B. Préjudice irréparable [18] J’examinerai maintenant le deuxième volet du critère, la question du préjudice irréparable.

[19] La demanderesse allègue que l’usine de St-François est sa seule entreprise et qu’elle subirait un préjudice irréparable si l’ordonnance provisoire était refusée. L’auteur de l’affidavit de la demanderesse, M. Anthony Tavares, anciennement le directeur général de Maple Lodge Holding Corporation, la société mère de la demanderesse, atteste que la demanderesse subira les préjudices irréparables suivants si elle perd 46 % de son approvisionnement en poulets vivants :

1. La perte de Westco à titre de fournisseur entraînerait à elle seule une perte de revenus massive estimée à 20 000 000 $ et une perte de profits estimée à 3 336 000 $ pour une période de six mois, soit de juillet 2008 à janvier 2009. La demanderesse soutient que cette perte de profits représente plus de 50 % de ses profits annuels et ne pourra être récupérée;

2. L’impossibilité immédiate à répondre aux besoins de ses clients porterait atteinte à la relation qu’a bâtie la demanderesse avec sa clientèle au cours des 18 dernières années dès la cessation de l’approvisionnement. Plus particulièrement, cela entraînerait une perte de confiance, une perte d’achalandage, une perte potentielle de parts de marché et une perte potentielle de clients;

3. Il y aurait une incidence immédiate sur la viabilité de l’usine de St-François. La demanderesse soutient avoir établi des relations d’affaires à long terme avec des producteurs du Nouveau-Brunswick quant à la fourniture de produits, relations qui lui ont permis de développer des marchés stables et rentables pour ses produits. Elle allègue qu’elle a besoin des poulets vivants fournis par les défenderesses sans lesquels l’usine St-François ne fonctionnera qu’à 40 % de sa capacité ou juste au-delà de ¾ d’un quart de travail par jour. La demanderesse soutient que la majorité des 340 emplois de l’usine devront être éliminés si les défenderesses cessent de lui fournir les produits et la viabilité de l’ensemble de l’usine pourrait être sérieusement compromise.
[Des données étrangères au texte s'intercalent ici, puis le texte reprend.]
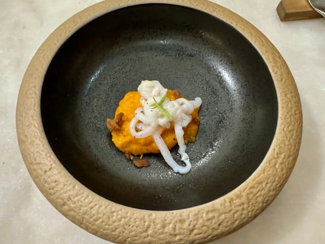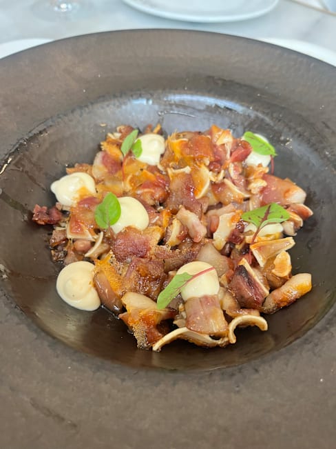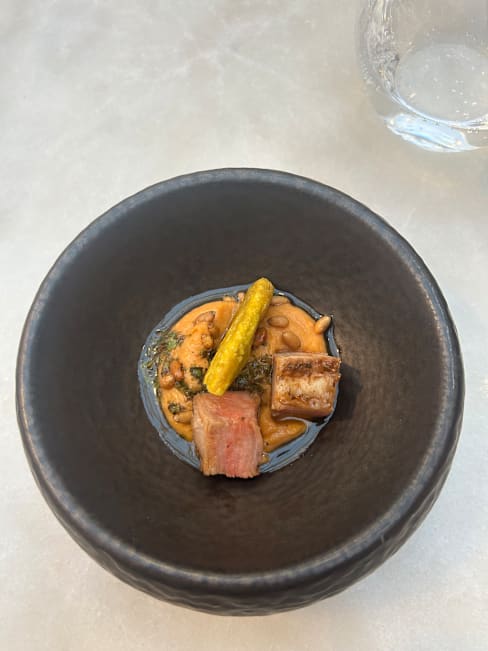 4.5/10Such a disappointment! I hate leaving a negative review but for the sake of other diners I feel I must. We had the tasting menu expecting a little finesse. Unfortunately it was more like leftover scraps put on nice china. The positives- good bread, pleasant waiter, tasty pasta and black pudding course and nice dessert. All served on beautiful china. Negatives- nothing memorable or imaginative. The artichoke with cubes of pork was so bland that it was inedible. The cod was chewy, overcooked and contained pin bones. To top it off, we were short changed. The overflowing bin in the ladies’ room was a gruesome sight which didn’t help either. The Michelin inspectors should come here incognito and see for themselves.

[20] L’affidavit de M. Tavares indique par ailleurs que la demanderesse [TRADUCTION] « a besoin d’une garantie de 350 000 poulets par semaine pour demeurer viable ». Toutefois, en contre-interrogatoire, il a affirmé que la demanderesse serait en mesure de s’en sortir, « s’en sortir » faisant référence à la « viabilité à long terme », avec 300 000 poulets vivants par semaine et que [TRADUCTION] « dépendamment des marchés, cela pourrait signifier une perte d’argent substantielle ». M. Tavares a également affirmé que lorsque les défenderesses cesseront d’approvisionner, la demanderesse recevra encore un approvisionnement de 294 450 poulets vivants.
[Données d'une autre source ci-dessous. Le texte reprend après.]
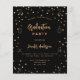 Por favor, note que este convite está no papel de folheto e é muito fino. Os envelopes não estão incluídos. Para convites mais espessos (mesmo design) visite nossa loja. Um cartão de convite glamouroso para uma festa de formatura para ele e para ela. Um fundo preto decorado com estrelas douradas falsas. Personalize e adicione um nome, ano e detalhes da festa. O texto Graduação e o nome são escritos com um script de estilo moderno, escrito à mão. Texto colorido do ouro. Fundo: fundo preto e estrelas ouros.

[21] Lors de l’audience, l’avocat de la demanderesse a confirmé que, depuis l’affidavit initialement produit, celle-ci a réussi à obtenir l’approvisionnement de 25 000 poulets vivants additionnels en provenance de la Nouvelle-Écosse. Apparemment, la demanderesse pourrait obtenir cette quantité quelque part au cours de l’automne. Le seul litige entre les parties

concernant le volume a trait au nombre de poulets vivants que doit fournir la défenderesse Dynaco après le 15 septembre 2008. La défenderesse Westco soutient que Dynaco continuera à fournir 3 679 poulets de plus par l’entremise de Slipp Farm, ce que l’avocat de la demanderesse nie.
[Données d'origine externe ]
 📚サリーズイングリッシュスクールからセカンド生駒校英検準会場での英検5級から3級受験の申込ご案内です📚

[22] Les défenderesses allèguent que la demanderesse n’a présenté aucun élément de preuve clair et tangible établissant que le refus des défenderesses lui causera un préjudice irréparable avant que l’affaire soit entendue sur le fond. Elles font également valoir que, s’il y a préjudice irréparable en raison de la perte d’approvisionnement, ce préjudice ne pourrait être lié qu’à une perte contribuant à abaisser le rendement sous le seuil de viabilité. Selon les défenderesses, la preuve présentée par la demanderesse tend à indiquer que ledit seuil est de 300 000 poulets vivants par semaine et ce seuil critique n’est pas franchi dans les circonstances de la présente affaire. En conséquence, les défenderesses soutiennent que la demanderesse ne subira pas de préjudice irréparable. Elles allèguent également que le Tribunal n’aurait pas compétence pour rendre une ordonnance au-delà du seuil de viabilité puisqu’on ne pourrait alors affirmer que la demanderesse est « sensiblement gênée dans son entreprise », une condition préalable à l’application de l’alinéa 75(1)a) de la Loi.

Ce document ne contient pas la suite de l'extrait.